→ **TO DO**: Only an exact repeat of the listing, without its images, counts as the answer.

··· DATA ···

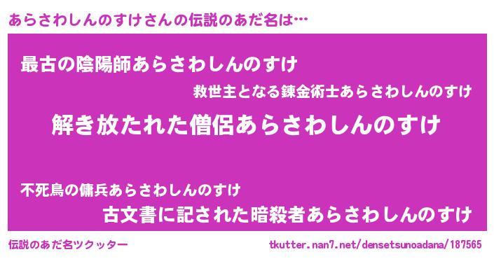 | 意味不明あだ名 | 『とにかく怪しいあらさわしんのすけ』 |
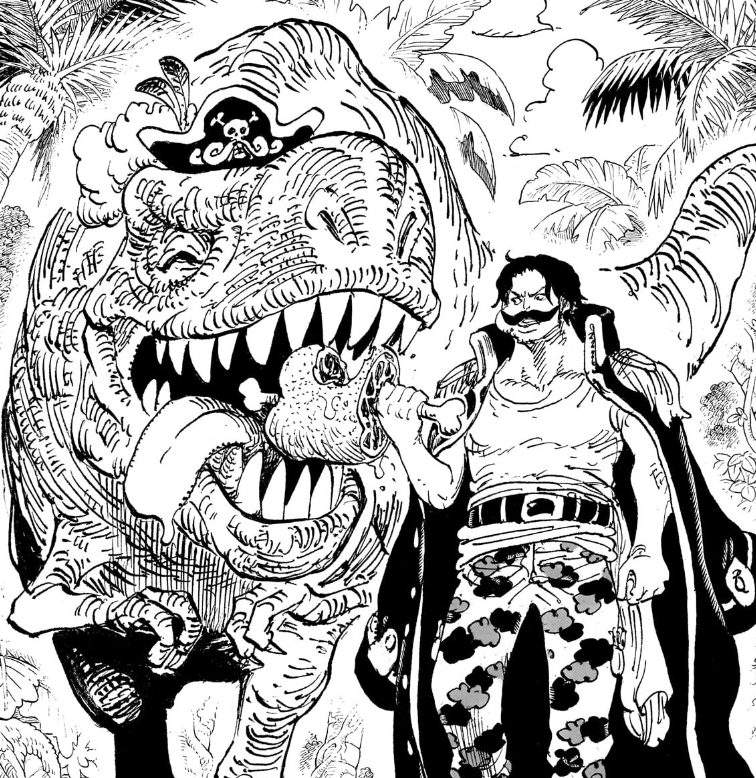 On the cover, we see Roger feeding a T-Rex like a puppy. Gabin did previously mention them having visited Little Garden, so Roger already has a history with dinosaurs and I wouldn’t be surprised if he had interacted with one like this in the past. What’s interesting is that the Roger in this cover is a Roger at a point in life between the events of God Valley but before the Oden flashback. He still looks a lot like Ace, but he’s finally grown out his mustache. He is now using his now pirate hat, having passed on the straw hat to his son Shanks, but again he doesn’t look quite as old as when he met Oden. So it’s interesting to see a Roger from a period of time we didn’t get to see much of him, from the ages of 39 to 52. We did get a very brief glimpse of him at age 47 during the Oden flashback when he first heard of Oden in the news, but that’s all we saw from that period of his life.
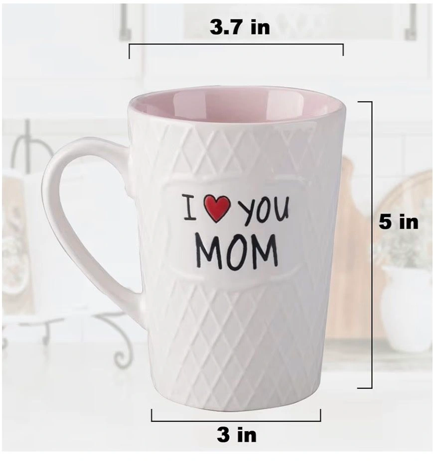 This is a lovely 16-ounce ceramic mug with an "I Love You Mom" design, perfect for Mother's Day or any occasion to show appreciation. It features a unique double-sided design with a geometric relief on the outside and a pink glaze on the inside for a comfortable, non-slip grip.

···

→ **TASK SOLUTION**:
 | 意味不明あだ名 | 『とにかく怪しいあらさわしんのすけ』 |
 On the cover, we see Roger feeding a T-Rex like a puppy. Gabin did previously mention them having visited Little Garden, so Roger already has a history with dinosaurs and I wouldn’t be surprised if he had interacted with one like this in the past. What’s interesting is that the Roger in this cover is a Roger at a point in life between the events of God Valley but before the Oden flashback. He still looks a lot like Ace, but he’s finally grown out his mustache. He is now using his now pirate hat, having passed on the straw hat to his son Shanks, but again he doesn’t look quite as old as when he met Oden. So it’s interesting to see a Roger from a period of time we didn’t get to see much of him, from the ages of 39 to 52. We did get a very brief glimpse of him at age 47 during the Oden flashback when he first heard of Oden in the news, but that’s all we saw from that period of his life.
 This is a lovely 16-ounce ceramic mug with an "I Love You Mom" design, perfect for Mother's Day or any occasion to show appreciation. It features a unique double-sided design with a geometric relief on the outside and a pink glaze on the inside for a comfortable, non-slip grip.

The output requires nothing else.